Facial emotion perception in the vision large language model (VLLM) is crucial for achieving natural human-machine interaction. However, creating high-quality annotations for both coarse- and fine-grained facial emotion analysis demands costly expertise. The lack of such high-quality instruction data limits the performance of VLLMs in facial emotion perception. To address this, we propose a self-verification approach with emotion knowledge enhancement (SEKE), which generates high-quality instruction data for multi-grained emotion analysis cost-effectively using closed-source VLLM. This approach integrates prior human knowledge to VLLM inference, guided by the inherent correlations between three grained levels of emotion descriptions, i.e., discrete expression, valence-arousal, and action unit, to reliably generate comprehensive annotations.
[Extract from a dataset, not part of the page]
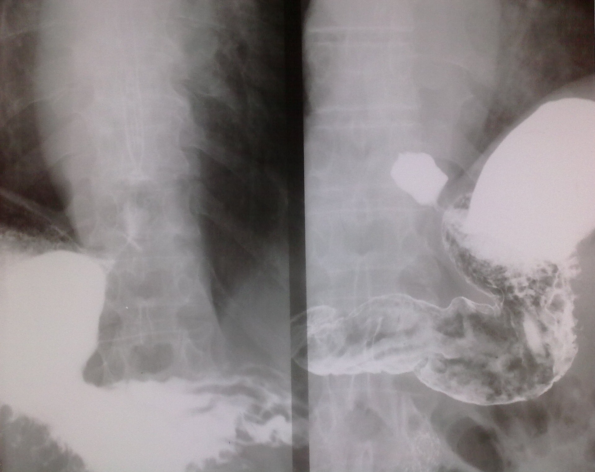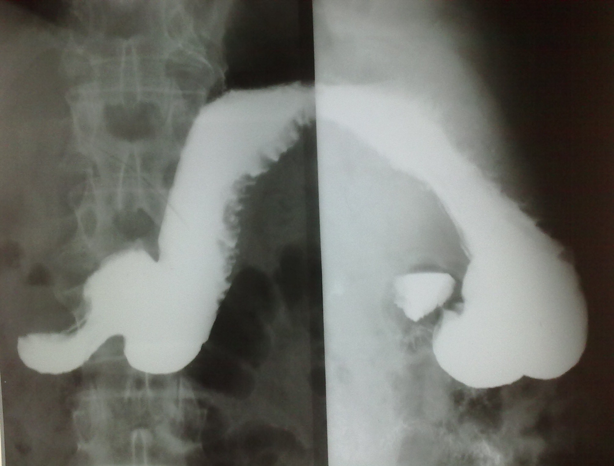 И еще - гиперпластический гастрит, все-таки, достаточно редок, хронический гастрит, в основном, атрофический; неровность контура по большой кривизне в антральном отделе - является признаком хр гастрита (выход складок на контур); двуслойное содержимое луковицы 12-перстной кишки (газ и барий) - р-признаки бульбостаза (бывет еще 3-хслойное содержимое - барий-жидкость-газ) - косвенного признака патологии желчевыводящих путей.

A self-verification strategy with Uncertainty-Aware Monte Carlo sampling (SV-UAMC) is further embedded to efficiently extract more accurate VLLM predictions, further improving annotation reliability. Consequently, we construct a facial emotion instruction dataset (FEID) containing three comprehensive descriptions, which provides coarse- and fine-grained emotional information for effective model training. Additionally, we introduce a facial emotion analysis benchmark (FEAB) to measure the VLLM's corresponding ability. Our method significantly outperforms state-of-the-art methods on three downstream facial emotion analysis tasks.

Paper Structure

This paper contains 21 sections, 5 equations, 5 figures, 4 tables, 1 algorithm.

Figures (5)

  • Figure 1: The overall architecture of the proposed self-verification approach with emotion knowledge enhancement (SEKE) to generate high-quality instruction data for facial emotion analysis.
  • Figure 2: The VLLM architecture used to train our model on the proposed facial emotion instruction dataset.
  • Figure 3: Comparison of performance when emotion descriptions are whether complete. Expression accuracy, AU average F1 score, and 1-MAE for valence/arousal on FEAB. SEKE (only one description) denotes the model fine-tuned with only the description label corresponding to the current task.
  • Figure 4: Comparison of the reliability of annotated missing labels. Expression accuracy, AU average F1 score, and 1-MAE for valence/arousal on Aff-wild2.
  • Figure 5: Two examples comparing the comprehensive emotional reasoning of the SEKE model with that of models fine-tuned on other instruction datasets. Incorrect inferences are marked in blue, and correct in red. For valence and arousal estimates, a prediction is considered correct if the error from the ground truth is within 0.2.